The US government just made Anthropic pull the plug on its newest AI models for everyone outside America — including the company's own foreign national employees.
Late Friday, Anthropic announced it'd received a US government directive requiring it to suspend access to its freshly launched Fable 5 and Mythos 5 models for all foreign nationals. That means anyone who isn't a US citizen or permanent resident — whether they're a customer in India or an Anthropic engineer working from London — can no longer use or even work on those models.
The timing's brutal. The suspension came right after Anthropic announced a partnership with Indian IT giant Tata Consultancy Services (TCS) to push enterprise AI adoption in India. That deal was supposed to be a big step for India's AI ambitions. Now it's in limbo.
India's been one of the hottest markets for AI adoption. Companies from banking to healthcare have been racing to integrate large language models into their operations. But this move shows how fragile that dependence can be when the technology's built and governed by another country.
The Indian government's been debating whether to invest in homegrown AI models or keep relying on American ones. This suspension gives a powerful argument to those pushing for India to build its own AI infrastructure — what happens when the US decides your access is a security risk?
Anthropic didn't specify what the US government's concern was. But the directive came under what the company described as national security grounds. The models were released just weeks ago and were being adopted rapidly by enterprise clients worldwide.
The company now faces a messy situation. It has foreign national employees who literally can't do their jobs on the newest models. And it has international customers who were just getting started with the technology.
For now, Anthropic said it's working to comply with the directive while trying to minimize disruption. But there's no timeline for when — or if — access will be restored.
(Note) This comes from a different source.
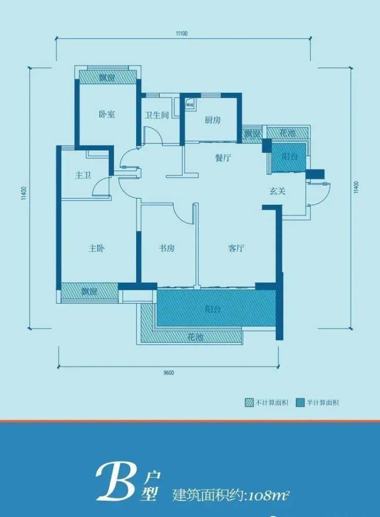 :同样是三房两厅两卫,户型方正,动静分区,保证了居住的私密性和舒适性。
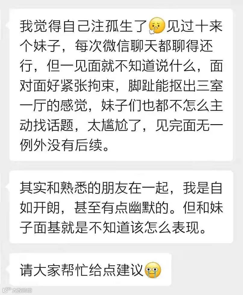 今天投稿的是一位男生,他见过十多个女生,但每次面基都非常紧张拘束尴尬,见完后均没有后续。

This isn't the first time the US has flexed its control over critical technology. Chip export restrictions on advanced semiconductors have already forced countries like China to scramble for alternatives. AI models are becoming the next front in that battle.
India's response will be telling. The country has the engineering talent and the market size to build its own foundation models. But doing so takes billions of dollars and years of work. The question is whether this suspension will finally push Indian policymakers to commit to that path — or whether they'll wait and hope the US lets them back in.